Reducing Building Energy Demand Through Revisions to Criteria 1 & 3 of the Building Regulations Part L2A

I proposed that:


a) A mandatory overheating risk assessment, subject to a suitable floor area threshold, be re-introduced back into Criterion 3 of the building regulations Part L2A.

Further, I propose that b) the National Calculation Method (NCM) strategy be reviewed, which currently allows buildings with intrinsically higher energy demands to be granted additional lenience through the 'Target Emissions Rate' calculated via the ‘notional building’.
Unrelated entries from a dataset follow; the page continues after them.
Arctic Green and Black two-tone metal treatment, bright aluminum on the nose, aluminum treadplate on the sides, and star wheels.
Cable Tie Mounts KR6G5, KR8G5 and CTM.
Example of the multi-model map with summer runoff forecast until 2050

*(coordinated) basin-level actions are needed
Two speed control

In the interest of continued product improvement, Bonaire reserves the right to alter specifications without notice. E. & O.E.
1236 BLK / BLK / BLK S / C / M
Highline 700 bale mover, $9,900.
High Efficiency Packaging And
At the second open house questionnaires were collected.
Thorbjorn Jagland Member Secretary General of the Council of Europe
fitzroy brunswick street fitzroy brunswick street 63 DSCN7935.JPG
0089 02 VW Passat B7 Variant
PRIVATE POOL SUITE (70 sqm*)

These changes are proposed in order to:

  • Ensure that the quality of buildings brought to market are of an adequate standard for consumers with respect to overheating risks, for which many new buildings do not meet consumers expectations¹, and


  • To reduce the installed capacity and subsequent energy usage of air conditioning systems, for which non-domestic buildings are estimated to consume  a growing amount of energy, which is currently assessed to be approximately 10% of UK electrical energy generation ², and


  • Encourage architects and developers to adopt effective fabric first design philosophies to achieve true low-energy demand buildings in practice, rather than placing heavy reliance on heating, ventilation and air conditioning (HVAC) systems to resolve thermal comfort problems and using bolt-on renewable energy generation systems with comparatively short service lives.
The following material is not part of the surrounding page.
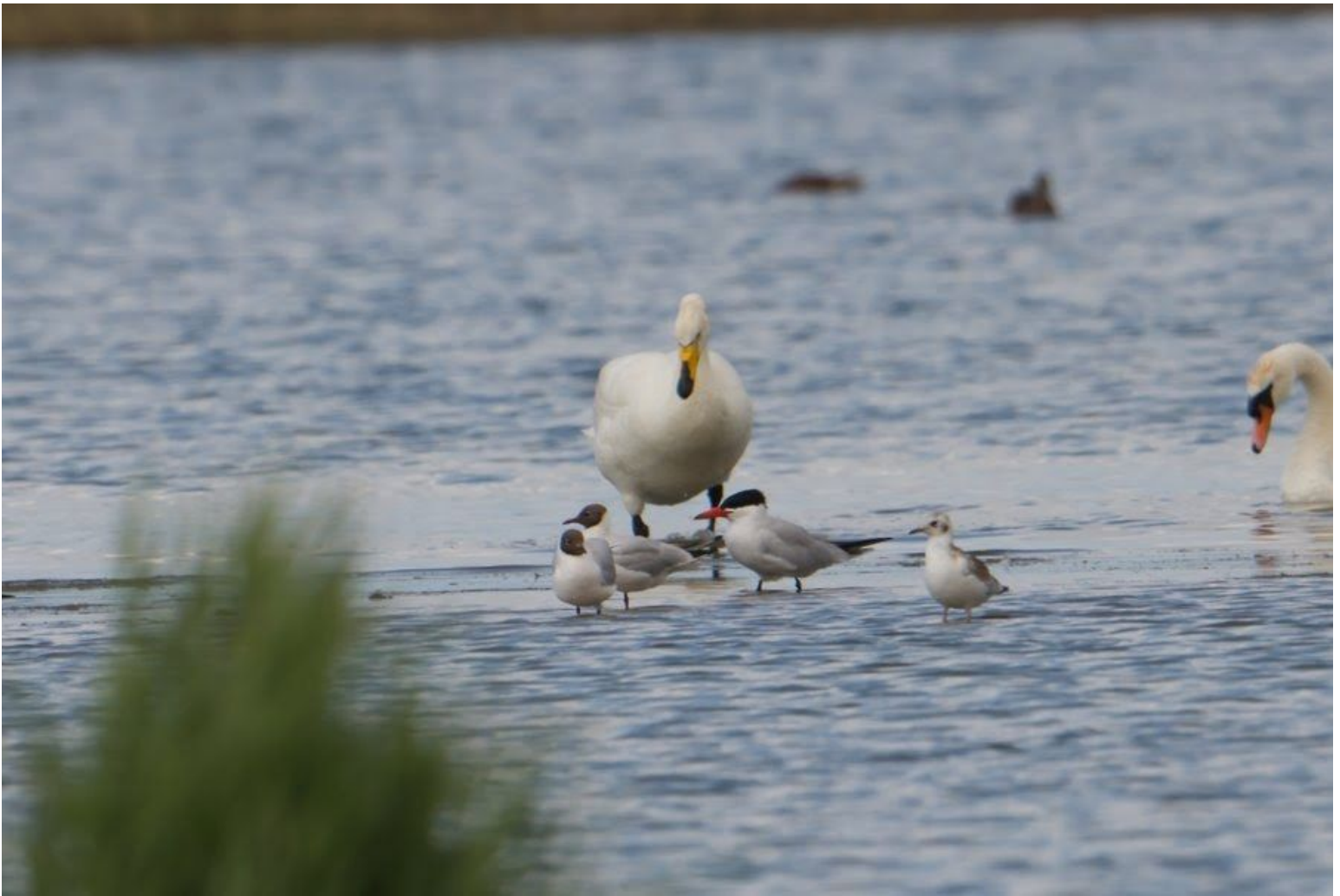
Unusual sighting together Whooper Swan and Caspian Tern at Frampton Marsh

A) Addressing Overheating Risks & High Cooling Energy Demand:

In order to appropriately limit air conditioning cooling demand, I proposed that new buildings are designed from the outset with an aim to limit energy demands. The current regulatory processes clearly do not bring this about.

Therefore, I suggest that as a pre-commencement building regulations condition, buildings over a certain specified floor area be tested against an appropriate industry overheating metric (eg CIBSE TM52 for commercial projects and CIBSE TM59 for domestic projects, using prescribed weather file data) These assessments should be undertaken without the inclusion of air conditioning systems. This will demonstrate that internal temperatures can be limited to an acceptable level without incurring high air conditioning cooling loads. This requirement should also be incorporated into the pre-commencement planning conditions for the project and be re-evaluated upon project completion.
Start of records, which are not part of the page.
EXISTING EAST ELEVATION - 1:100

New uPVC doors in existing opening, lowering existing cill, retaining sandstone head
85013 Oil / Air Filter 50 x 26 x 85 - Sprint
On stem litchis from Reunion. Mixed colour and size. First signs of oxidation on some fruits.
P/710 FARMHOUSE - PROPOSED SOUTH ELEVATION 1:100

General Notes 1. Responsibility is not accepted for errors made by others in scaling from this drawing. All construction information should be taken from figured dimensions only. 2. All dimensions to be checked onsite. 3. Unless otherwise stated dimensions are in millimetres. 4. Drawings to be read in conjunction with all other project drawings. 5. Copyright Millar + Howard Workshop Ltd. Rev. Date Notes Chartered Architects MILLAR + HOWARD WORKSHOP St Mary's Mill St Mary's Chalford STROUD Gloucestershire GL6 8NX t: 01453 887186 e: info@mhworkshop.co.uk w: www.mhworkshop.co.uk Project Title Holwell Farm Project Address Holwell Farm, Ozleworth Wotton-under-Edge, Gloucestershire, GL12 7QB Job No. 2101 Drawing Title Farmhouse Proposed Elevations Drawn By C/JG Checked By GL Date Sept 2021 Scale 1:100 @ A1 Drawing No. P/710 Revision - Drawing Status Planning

I envisage that this would:

1.     Obligate architects to derive architectural designs which naturally lend themselves to minimising summertime air conditioning energy demands.

2.     By extension, reductions in summertime solar gains will naturally reduce glazed areas such that winter time heat losses through glazing are also reduced, when working in combination with the existing Part L regulatory processes.

3.     In cases where room(s) fail the assessment, justification of the cause should be made available to BCOs and planning officers, demonstrating that all other options have been exhausted prior to the application of mechanical cooling.

For clients wishing to achieve an air conditioned climate, there would be no barriers to installing air conditioning plant, so long as necessary measures have been incorporated into the design to limit energy demands, making air conditioning complimentary, rather than essential.



B) Modifications to the NCM Notional Model:


I propose that the supplementary energy demand allowances, facilitated through the National Calculation Method (NCM) process be removed for several inefficient modes of HVAC, as follows:

1) The uplift in the NCM notional building primary energy demand should not include mechanical cooling loads.

2) Further, the uplift in the NCM notional building primary energy demand should not include for natural ventilation as the only means of ventilation. Instead, the notional building should adopt mechanical ventilation with heat recovery and the availability of free-cooling.

This change shall remove the incentive to favour mechanical cooling (air conditioning) as a means to achieve thermal comfort over and above less energy intensive methods, such as demand reduction through effective building form, shading strategy and fabric specifications, and via free-cooling through natural and mechanical ventilation.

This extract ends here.